Frequently Asked Questions
How do I use my TDEE to lose weight?
Subtract 500 calories from your TDEE to create a daily deficit that targets roughly 1 pound of fat loss per week. For faster loss, a 1,000-calorie deficit targets about 2 pounds per week, which is the generally recommended upper limit to minimize muscle loss. Combine the deficit with adequate protein intake (0.8 to 1.0 grams per pound of body weight) and resistance training to preserve lean mass. Recalculate your TDEE every four to six weeks as your weight changes, since a lighter body burns fewer calories and requires a lower calorie target to continue losing.
What activity level should I choose in a TDEE calculator?
Choose the level that honestly reflects your typical week, not your best week. Most people with desk jobs who exercise three to four times per week fall into the lightly active to moderately active range. Research shows people consistently overestimate their activity by 30 to 50 percent. When in doubt, choose the lower of the two levels you are considering. If your weight is not changing after two to three weeks of tracking calories at your calculated TDEE, you have likely overestimated your activity level.

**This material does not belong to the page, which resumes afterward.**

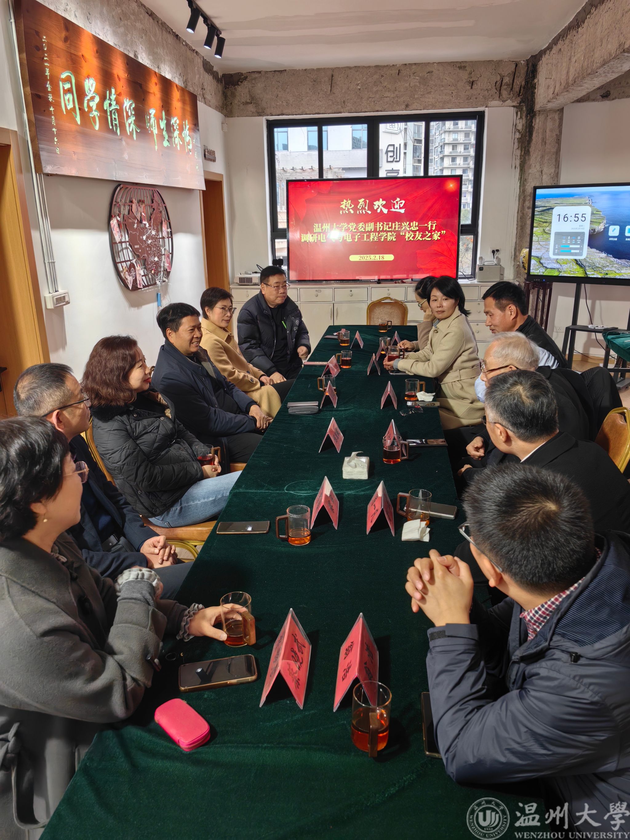 新年伊始,2月18日下午,校党委副书记庄兴忠一行赴东瓯智库beat365官网“校友之家”考察调研。电气电子学院校友会顾问林精权先生应邀出席。beat365在线唯一官网温州校友会常务副会长兼秘书长陈琦峰,温大校友办主任陈宏毅、副主任蔡晓武,人事处(人才办)处长兼主任郑彩莲,党委学工部部长姜海燕,招就处处长蔡锋,电气电子学院党委书记陈文远、副书记翁浩等陪同调研。

How many calories below TDEE should I eat to lose weight?
A deficit of 300 to 500 calories below TDEE is the most widely recommended range for sustainable fat loss with minimal muscle loss. This produces 0.6 to 1 pound of loss per week for most people. A 1,000-calorie deficit targets approximately 2 pounds per week and is safe for most adults with a TDEE above 2,200 calories but can be too aggressive for smaller individuals. Deficits beyond 1,000 calories per day significantly increase muscle loss, fatigue, and the likelihood of metabolic adaptation that stalls progress.
Does TDEE change as you lose weight?
Yes, TDEE decreases as you lose weight for two reasons. First, a lighter body burns fewer calories in every activity, from walking to sleeping. Second, sustained calorie restriction triggers metabolic adaptation, where your body reduces energy expenditure beyond what weight loss alone would predict. This combination is why weight loss slows and plateaus over time. Recalculate your TDEE every four to six weeks during a weight loss phase, or whenever your weight changes by five or more pounds, to keep your calorie targets current.